- Benchmarks are only for Safari and without good documentation for how they
were performed. Measurements are only in the 100ths of seconds where these
measurements should have much more granularity.
- The TodoMVC (arguably the most real-world) benchmark is nearly 50% slower
than virtual-DOM.
- virtual-DOM is fairly mature at this point where as MorphDOM looks very
young.
- virtual DOM implementations allow you to do things like React Native> virtual-DOM is fairly mature at this point where as MorphDOM looks very young.
morphdom is small and focused (about 220 lines of code). It either works or it doesn't and I have a decent amount of test cases to hopefully prove that it works (not to say that it is bug free... the DOM has lots of edge cases in some web browsers).
- virtual DOM implementations allow you to do things like React Native
This was built for the real DOM. While there can be value in abstractions, this was designed for a web browser.
This library can only get better. It's great to see someone trying to make a more lightweight React.
Also, you can see exactly how the benchmarks are run through the /test folder. My test using PhantomJS gave me the same results as the recorded statistics against Safari. And because it uses the browser's built in DOM toolkit rather than a virtual one, (in theory) it should become faster whenever browser DOMs become faster.
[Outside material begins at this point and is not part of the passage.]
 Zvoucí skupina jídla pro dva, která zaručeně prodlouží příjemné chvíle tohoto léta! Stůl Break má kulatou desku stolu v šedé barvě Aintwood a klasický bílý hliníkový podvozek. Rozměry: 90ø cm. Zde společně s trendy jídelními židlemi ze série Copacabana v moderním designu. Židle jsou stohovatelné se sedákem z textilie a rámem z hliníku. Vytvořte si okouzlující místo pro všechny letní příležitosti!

> it should become faster whenever browser DOMs become faster
The killer feature of React is that it made it possible to efficiently rerender the entire UI and for developers to not have to write code to manually manipulate the DOM. I hope browser vendors take note of this and do more to support this use case. Ideally, morphdom should not even exist and we could instead have the browser natively do the job of diffing/patching the DOM. Admittedly, there would have to be a lot of details to work out, but React, virtual-dom and morphdom are working in the right direction. Behind the scenes, the implementation might change and any good UI framework should make this a non-breaking change.
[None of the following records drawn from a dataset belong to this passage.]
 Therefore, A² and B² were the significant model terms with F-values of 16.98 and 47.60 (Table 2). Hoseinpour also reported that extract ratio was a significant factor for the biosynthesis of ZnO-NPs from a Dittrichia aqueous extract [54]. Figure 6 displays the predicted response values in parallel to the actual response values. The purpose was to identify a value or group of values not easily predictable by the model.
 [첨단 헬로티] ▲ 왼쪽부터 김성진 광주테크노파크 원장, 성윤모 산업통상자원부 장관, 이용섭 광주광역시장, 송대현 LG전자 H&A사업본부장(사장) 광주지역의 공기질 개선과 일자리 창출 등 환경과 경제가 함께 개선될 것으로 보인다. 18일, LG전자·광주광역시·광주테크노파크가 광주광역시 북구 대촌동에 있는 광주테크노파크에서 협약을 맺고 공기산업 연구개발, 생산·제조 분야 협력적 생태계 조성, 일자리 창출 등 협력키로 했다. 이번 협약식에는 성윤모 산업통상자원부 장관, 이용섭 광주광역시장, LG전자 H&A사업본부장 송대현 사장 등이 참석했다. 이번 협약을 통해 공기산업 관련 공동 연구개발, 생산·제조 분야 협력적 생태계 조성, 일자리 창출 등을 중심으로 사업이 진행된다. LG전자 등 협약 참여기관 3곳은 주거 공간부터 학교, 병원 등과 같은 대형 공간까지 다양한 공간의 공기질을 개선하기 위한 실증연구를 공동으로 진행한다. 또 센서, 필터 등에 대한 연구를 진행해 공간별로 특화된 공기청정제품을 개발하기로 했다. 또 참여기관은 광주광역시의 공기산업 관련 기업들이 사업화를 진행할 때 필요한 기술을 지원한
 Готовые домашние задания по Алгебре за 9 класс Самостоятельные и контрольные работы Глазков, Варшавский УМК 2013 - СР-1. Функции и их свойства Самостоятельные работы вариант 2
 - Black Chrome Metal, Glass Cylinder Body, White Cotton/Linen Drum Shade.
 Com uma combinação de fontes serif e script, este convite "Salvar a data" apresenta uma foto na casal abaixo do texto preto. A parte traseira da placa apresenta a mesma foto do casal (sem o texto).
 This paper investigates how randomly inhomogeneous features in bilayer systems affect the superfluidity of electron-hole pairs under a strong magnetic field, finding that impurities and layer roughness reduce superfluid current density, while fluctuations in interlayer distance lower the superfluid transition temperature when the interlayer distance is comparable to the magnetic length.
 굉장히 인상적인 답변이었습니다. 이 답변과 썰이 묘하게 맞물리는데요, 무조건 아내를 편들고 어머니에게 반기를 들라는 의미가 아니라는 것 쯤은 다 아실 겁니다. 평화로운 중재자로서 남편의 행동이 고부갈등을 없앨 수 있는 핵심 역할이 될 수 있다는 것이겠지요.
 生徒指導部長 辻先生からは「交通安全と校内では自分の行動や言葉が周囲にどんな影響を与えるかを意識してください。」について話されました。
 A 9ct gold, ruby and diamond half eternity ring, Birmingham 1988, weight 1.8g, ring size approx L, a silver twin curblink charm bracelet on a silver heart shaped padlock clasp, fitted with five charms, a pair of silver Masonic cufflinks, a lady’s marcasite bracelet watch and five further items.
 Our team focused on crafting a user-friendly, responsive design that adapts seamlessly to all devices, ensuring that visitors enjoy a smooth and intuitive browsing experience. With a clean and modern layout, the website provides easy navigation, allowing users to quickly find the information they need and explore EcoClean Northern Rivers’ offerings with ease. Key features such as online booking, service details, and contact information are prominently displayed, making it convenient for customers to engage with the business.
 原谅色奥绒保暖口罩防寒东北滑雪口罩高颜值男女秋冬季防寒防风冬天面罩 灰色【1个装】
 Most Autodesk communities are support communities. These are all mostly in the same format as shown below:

> And because it uses the browser's built in DOM toolkit rather than a virtual one, (in theory) it should become faster whenever browser DOMs become faster.
...as will all virtual-dom implementations get faster as JS becomes faster. I would argue that there is more attention paid to JS-speed than DOM-speed because there is a server-side (among other things).
For sure, also I must say how amazed I am about React's great ecosystem. In only a year a lot of high quality plugins have been created.
Can anyone point out any notable differences?
- morphdom does diffing between two real DOM trees while incremental-dom does diffing between virtual DOM nodes and real DOM nodes - incremental-dom is only meant to be used with templates that compile to use incremental-dom (won't work with templates that render to HTML strings) - morphdom can be used with any templating engine that produces an HTML string (or real DOM nodes) - With additional improvements, morphdom could be used to do diffing between a real DOM tree and a virtual DOM tree as long as the virtual DOM nodes are upgraded to real DOM nodes if they need to be added to the final real DOM. In addition, the virtual DOM nodes would need to have an API that overlaps with the API of real DOM nodes.
Also, it appears that incremental-dom doesn't reuse DOM nodes that move to a new parent, but I could be mistaken. Hopefully someone more familiar with incremental-dom will chime in.